Want to be a famous expert? Good luck with that.
Want to talk to a famous expert? Thanks to a new site called https://www.expertinsight.com, you can — as long as you can afford the hefty fees. Foremost among those experts, according to the site, is Nate Silver, the acclaimed political blogger, statistician, and baseball analyst, whose work currently resides on the website of The New York Times.
But not so fast — Silver, whose name and picture are featured on the site as of this posting, says he actually won't be participating.

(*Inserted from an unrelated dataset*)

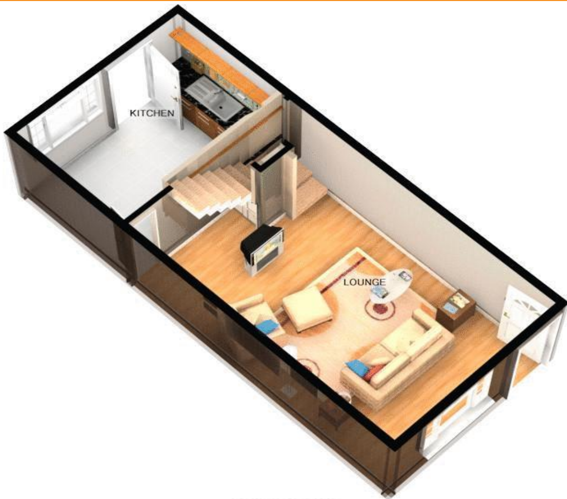
GROUND FLOOR APPROX. FLOOR AREA 339 SQ.FT. (31.5 SQ.M.)

In response to an email from The Angle, he writes:
I think ExpertInsight has a cool business model, and had agreed to be one of their several dozen "experts" when I was approached about it many months ago. I'm a freelancer with the Times and so have some flexibility to pursue outside engagements — provided that they are disclosed, and that they don't trigger conflicts of interest.
But after talking things over with some people here at the Times, I've decided that I'm not going to participate in ExpertInsight at all. It's just a little too blunt an instrument to provide for vetting potential conflicts of interest with the caution that would be required.
Silver had been a big part of the site's launch strategy. It had been circulating a press release asking, "How great would it be for a parent to just put their college kid in touch with Nate Silver for an in-depth and first-hand reference for a poli-sci paper?," and noting that Silver is "making himself available to chat with anyone who’s willing to pay the price — $1000 for an hour-long conversation — on a new website, ExpertInsight.com."
When The Angle contacted Louise Canuto, listed as the contact at the bottom of the press release, she said she had not heard about Silver's departure and would call back with more information shortly. As of posting time, she hadn't, but we'll post an update if she does.
In addition to the questions of journalistic ethics raised by Silver, the argument against a site like this is pretty straightforward — at a time when the richest Americans enjoy every possible advantage at a historic level, there's something particularly unseemly about the many experts listed on the site, some of them big names like economist Steven Levitt, selling their insights on an individual basis to anyone who can afford a hefty price tag. (Though, to be fair, many of the experts in question are poker players, and it's hard to get as upset about people over-paying for poker coaching.)
That said, there's reason to be skeptical such correspondence would even be all that useful. The sorts of academics and journalists who have legitimate reasons to get in touch with top experts already have ways of doing do. Who's left? Among the students and professionals who can afford this service, one would hope most of them have professors or supervisors who would be unhappy with them buying expert opinion at this price. It would be nice to think that we haven't yet reached a point where a professor would say, "You had the foresight to pay Nate Silver $1,000 to help you with your paper? Well-played: A+!"